There is no competition between males within the group and this ensures the maximum reproductive success.

The East Javan langur does not present any reproductive seasonality and therefore mates throughout the year. The females begin to reproduce when about 3 or 4 years old and give birth to only one baby at a time.

The mating phase can involve three fundamental steps: the courting, a possible refusal and the copulation.

Courting is done by both sexes: the female shakes the head, shows the male the anogenital area, places the body in upright position lifting the foreleg

The shaking of the head by the female is a signal for attracting the male’s attention and is an indicator of the beginning of the reproductive activity.

Trachypithecus auratus

Kiss-curl pup. The yellow orange colour renders it well visible among leaves and ensures him a better control and protection by all adult females of the group © Regina Hoenes

The male shows only the behaviour of genital inspection of the female. The refusal, done by the female and/or the male, may take place while courting. This passage is characterized by an agonistic behaviour and by a specific motor pattern, that is a jump. Finally, the copulation occurs by leaping, very common in the family of the Cercopithecids.
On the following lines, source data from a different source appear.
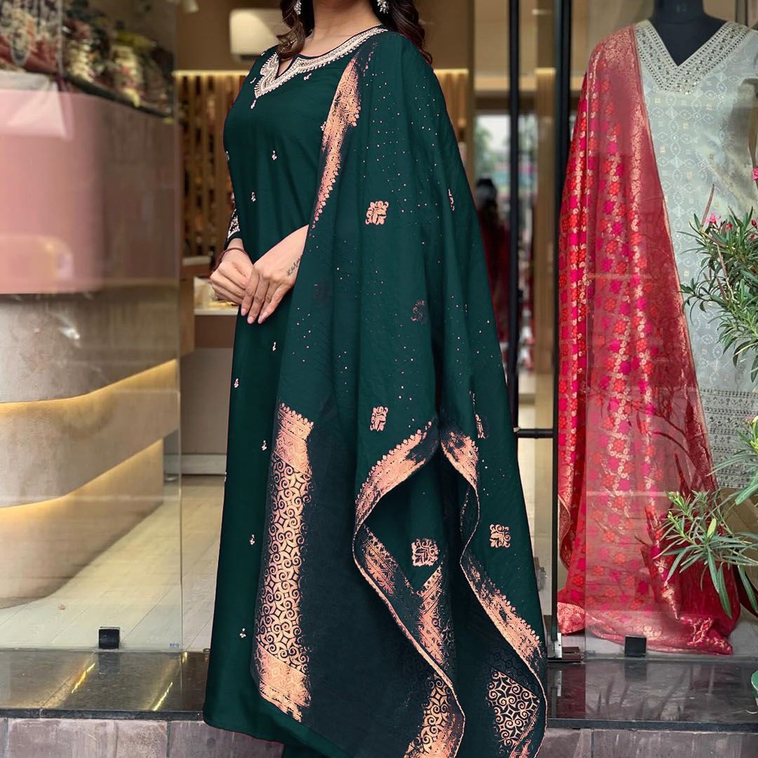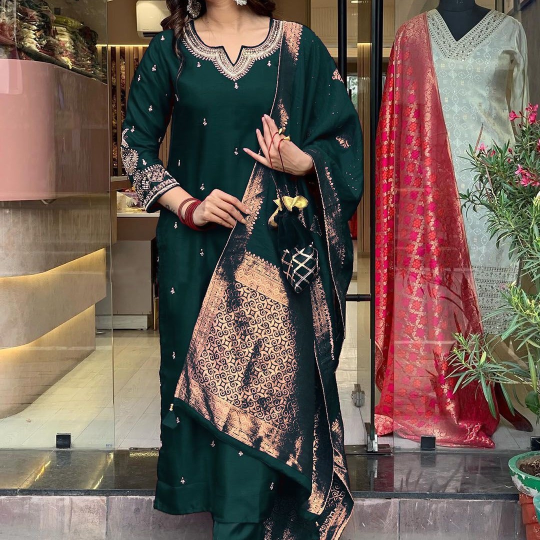 KALINI Floral Embroidered Beads and Stones Notch Neck Kurta With Trousers And Dupatta
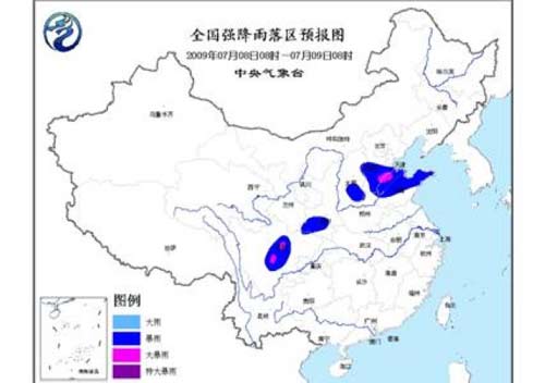 中新網(wǎng)7月8日電 中央氣象臺8日06時發(fā)布暴雨橙色警報:預(yù)計,今天白天到夜間,川西高原東部和四川盆地西部、陜西南部、山西南部、河北南部、山東中北部和山東半島等地有 暴雨,其中,四川盆地西部、河北東南部、山東北部部分地區(qū)有大暴雨。
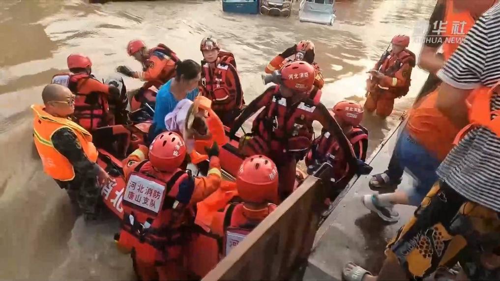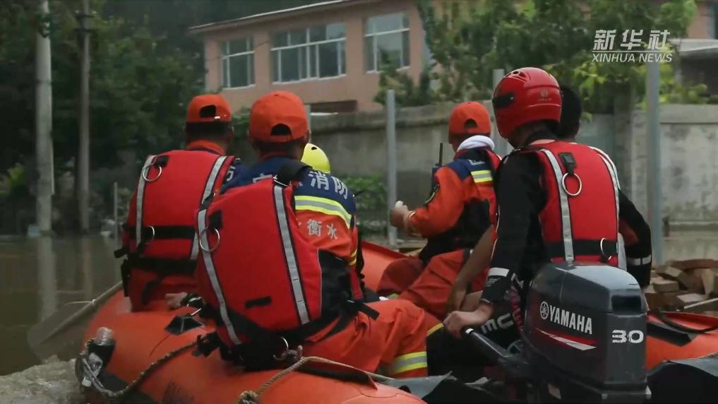 新华社记者跟随衡水市消防救援支队,乘冲锋舟进入被水围困的码头镇沙窝村。在沙窝村村民服务中心院内,水位深及成年人大腿的高度。经熟悉路况的热心村民带路,救援队为年龄大、行动不便的留守村民送去生活物资。当天,在涿州市刁窝镇,经唐山和沧州两地消防等救援力量通力合作,涿州市靖雅学校安置点内的1400余名来自周边6个村庄的转移安置群众全部脱困。
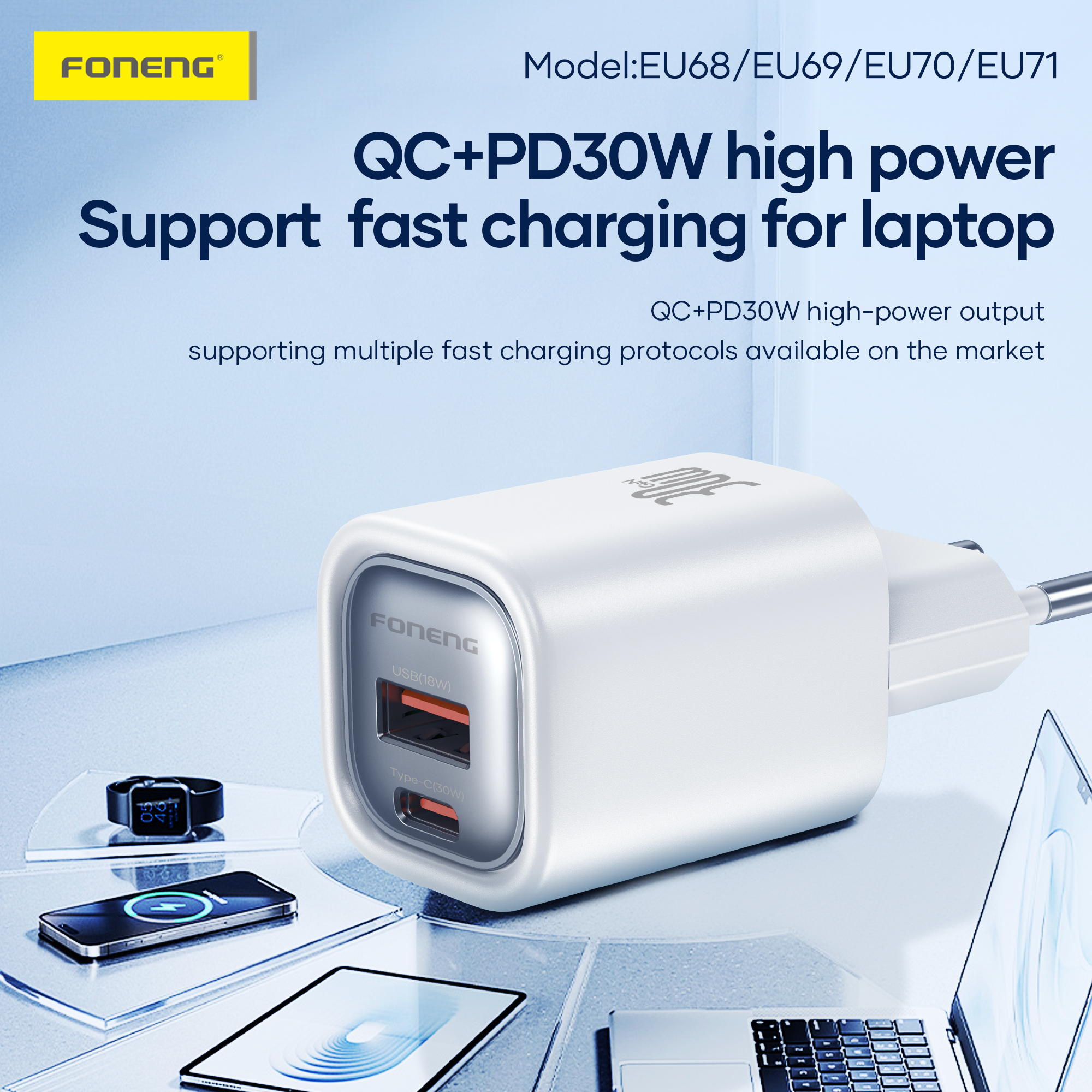 EU71 A+C 2-Port GaN Charger (PD30W)
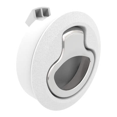 Push-to-Close Latch, Medium Size, No Restriction, 7 – 12 mm (.275-.475 in) Door thickness, 25.5 mm (1.00 in) Grip, White Plastic and 316 Stainless Steel, Natural and Electropolished
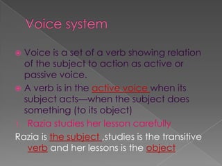 Voice refers to whether a verb is active or passive. In the active voice, the subject performs the action, while in the passive voice the object receives the action. To change a sentence from active to passive voice, the object is moved to the subject position and the main verb is changed to the past participle with a form of "be" as the helping verb, along with retaining the original subject as an optional prepositional phrase introduced by "by".
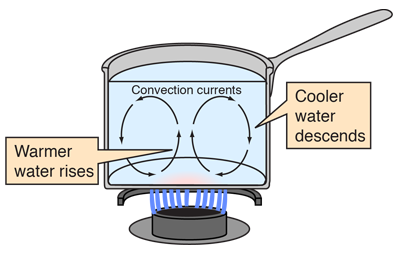 | Convection can also lead to circulation in a liquid, as in the heating of a pot of water over a flame. Heated water expands and becomes more buoyant. Cooler, more dense water near the surface descends and patterns of circulation can be formed, though they will not be as regular as suggested in the drawing.
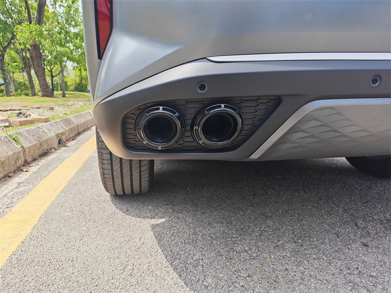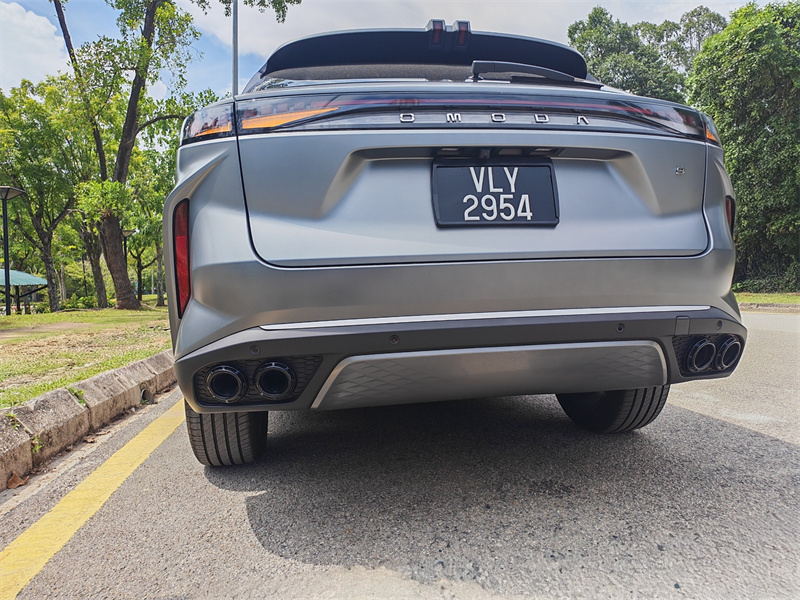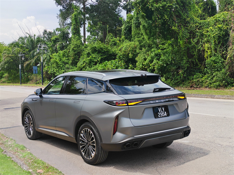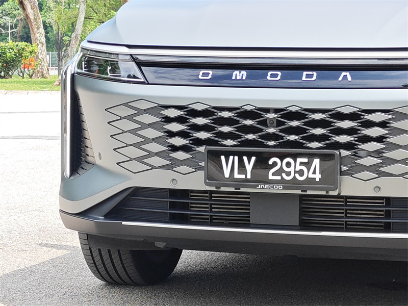 前脸的六边形大尺寸进气格栅采用了点阵式设计,与两侧狭长锐利的 LED 大灯相连,形成凌厉的视觉冲击。贯穿式的尾灯点亮时极具科技感,配合双边排气饰口和肌肉感十足的轮拱线条,整个车身散发着力量与优雅并存的气息。站在它面前,你会忍不住联想到欧洲高端品牌的旗舰 SUV,却又感受到 Omoda 赋予它的年轻与大胆。
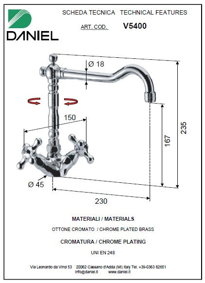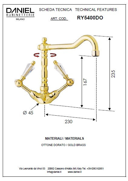 DANIELBaterie lavoar daniel rubinetterie made in italy revival v5400 FINISAJ:LUCIOS CULOARE:CROM ACCESORII :VENTIL
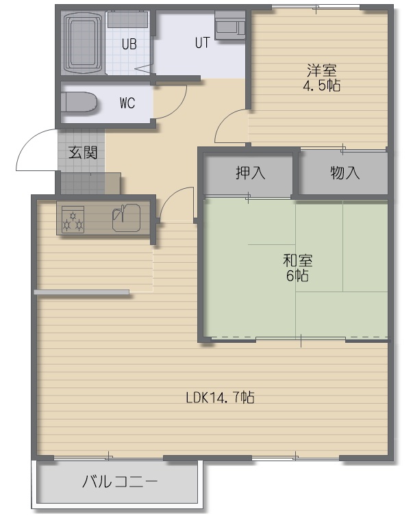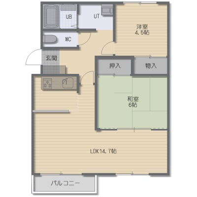 2LDK(63.42m²)└ LDK14.7帖 和室6帖 洋室4.5帖
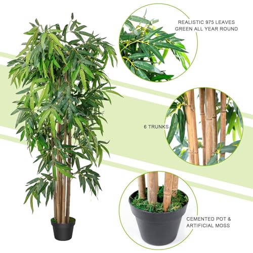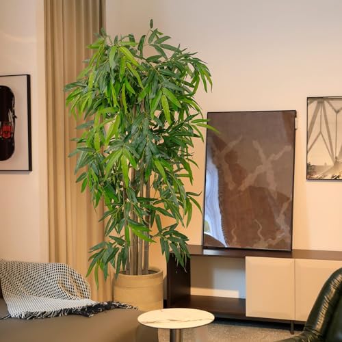 - 【Realistic Appearance】 This Lifelike bamboo silk tree artificial plant , and the 975 green leaves and 6 thick trunks are full of noticeable luster and vitality and will never fade.This artificial bamboo adds highlights and vitality to the room.They can keep people in a comfortable mood for the day.
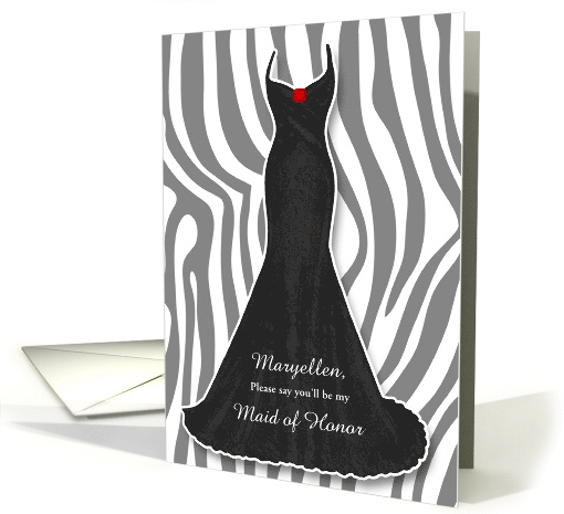 Love animal print, but want that classic formal wedding look? Invite your best friend or close family member to be your maid of honor by customizing the front of this greeting featuring a lovely black gown with a faux ruby gem and a background of zebra print.
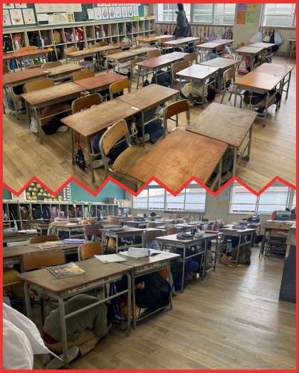地震の際は机の下に身を隠して自分を守ること、地震がおさまれば、広い安全な場所に避難すること、津波の時は高い場所(学校では3階以上)に避難することの訓練をしました。
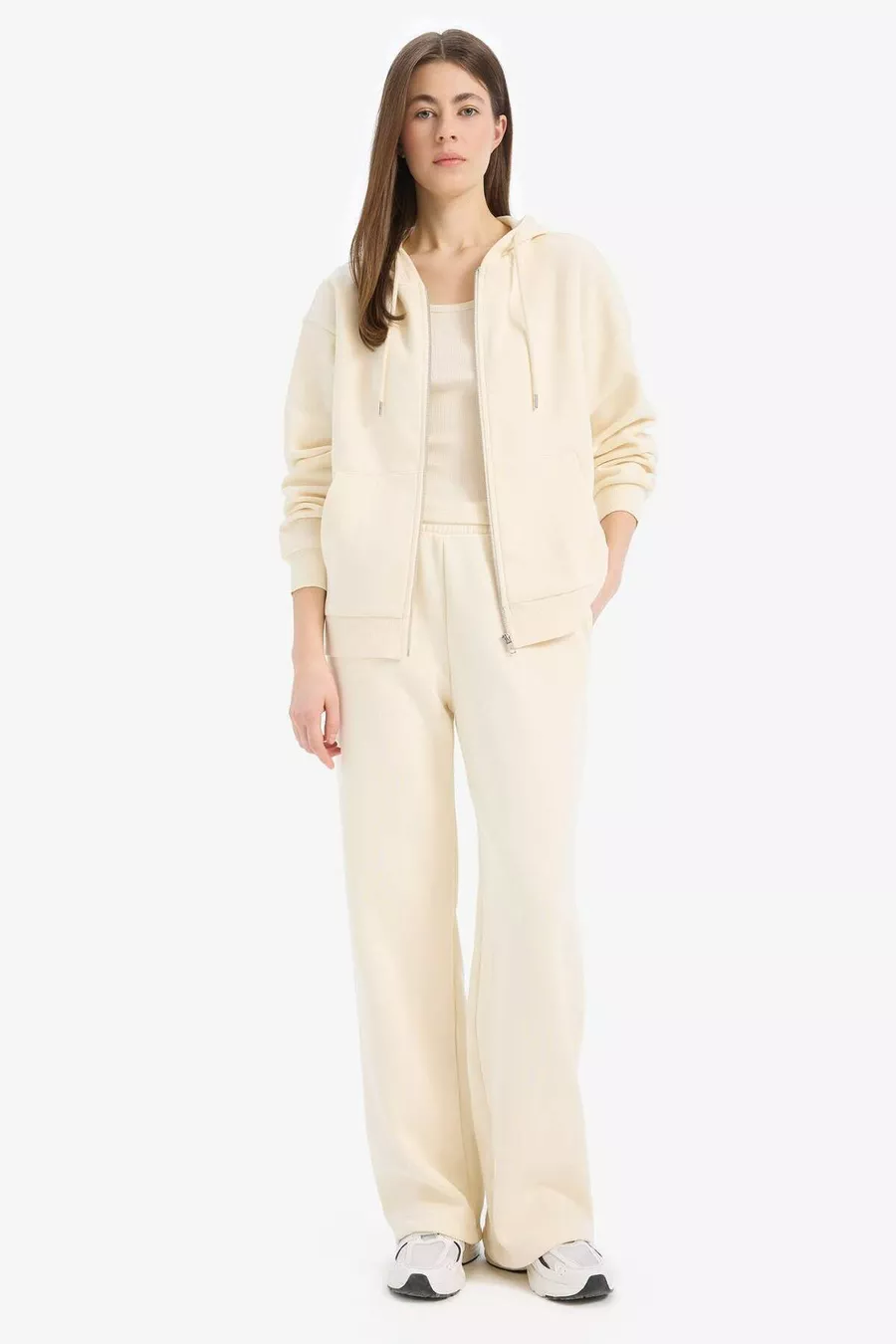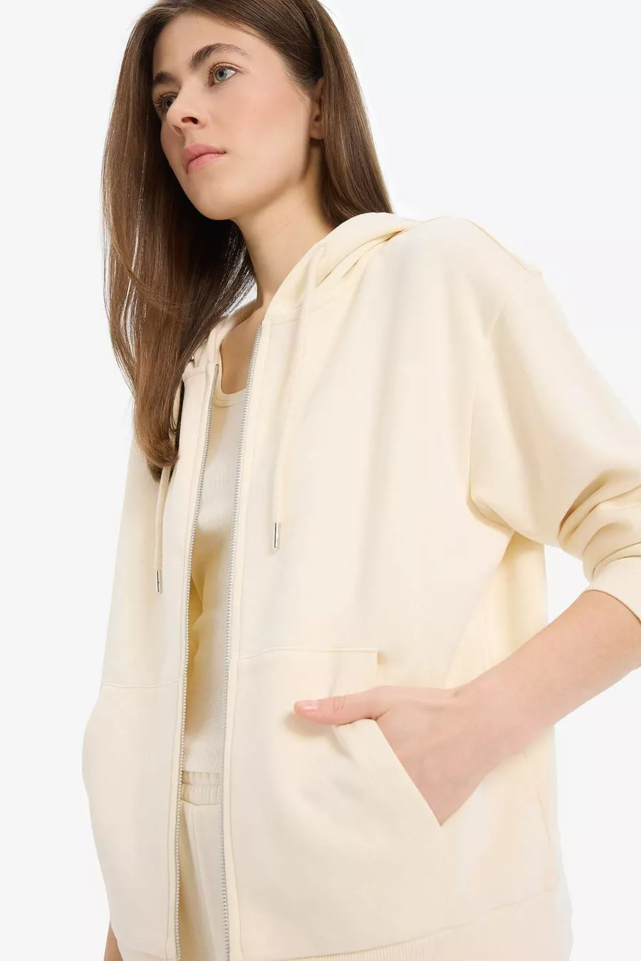 Okul Relax Fit Kapüşonlu Cepli Basic Düz Fermuarlı Sweatshirt WN
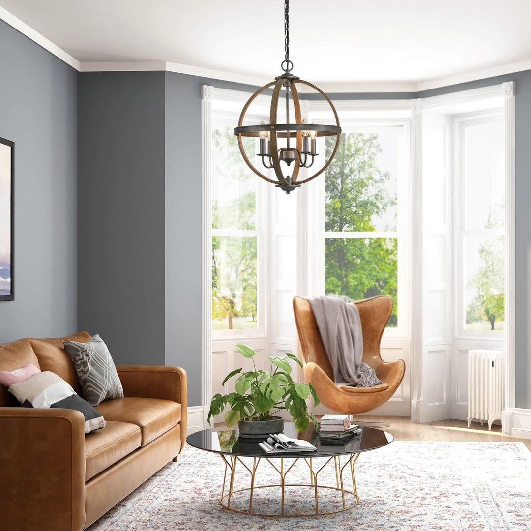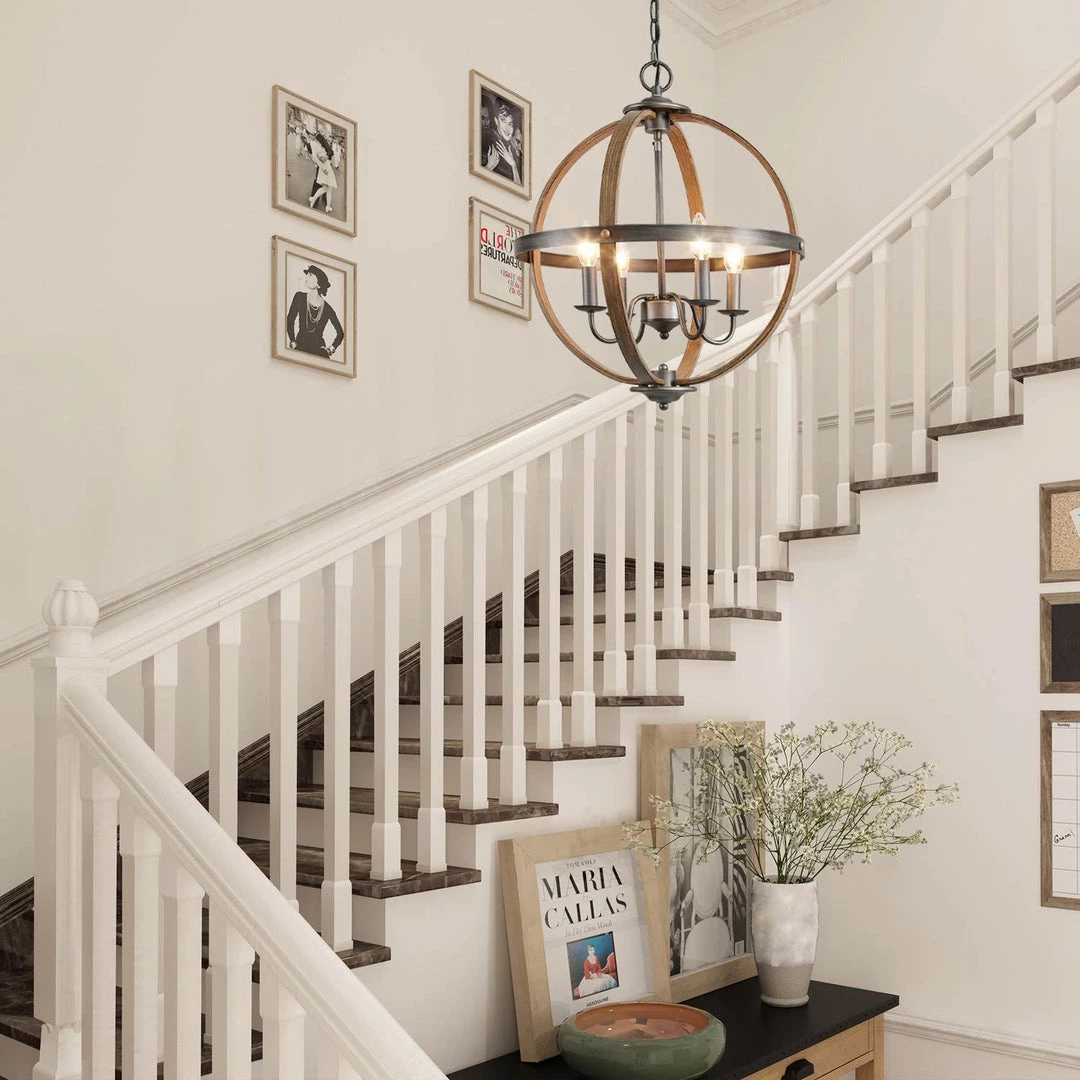 Featuring solid metal with faux wood and silver brushed finish and 4 graceful arms, this farmhouse chandelier is perfect for dining rooms, bedrooms, entryways, and any other places where you want farmhouse and modern charm.

The females take care of their own progeny and in the meantime collaborate in parental care of all the young of the group (allomothering); conversely, they are very aggressive towards the females of other groups.

The yellow orange colouration of the babies renders them more visible and therefore guarantees a better control and protection by the adult females.

Trachypithecus auratus

A young. The East Javan langur has robust hands with long fingers for a good grip in the branches, but the thumb, decidedly small © Giuseppe Mazza


The Trachypithecus auratus uses visual, tactile and vocal stimuli for communicating with the other individuals. The alarm vocalizations, which sound like “ghek-ghok-ghek-ghok”, serve to alert the group about the dangers.

The hair cleaning (“grooming”) is utilized for reinforcing social relations. The aggressions manifest themselves with physical interactions and by means of visual and acoustic signals in order to establish the social rank.


Trachypithecus kohlbruggei (Sody, 1931), Trachypithecus maurus (Horsfield, 1823), Trachypithecus pyrrhus (Horsfield, 1928), Trachypithecus sondaicus (Robinson & Kloss, 1919) Trachypithecus stresemanni (Pocock, 1934).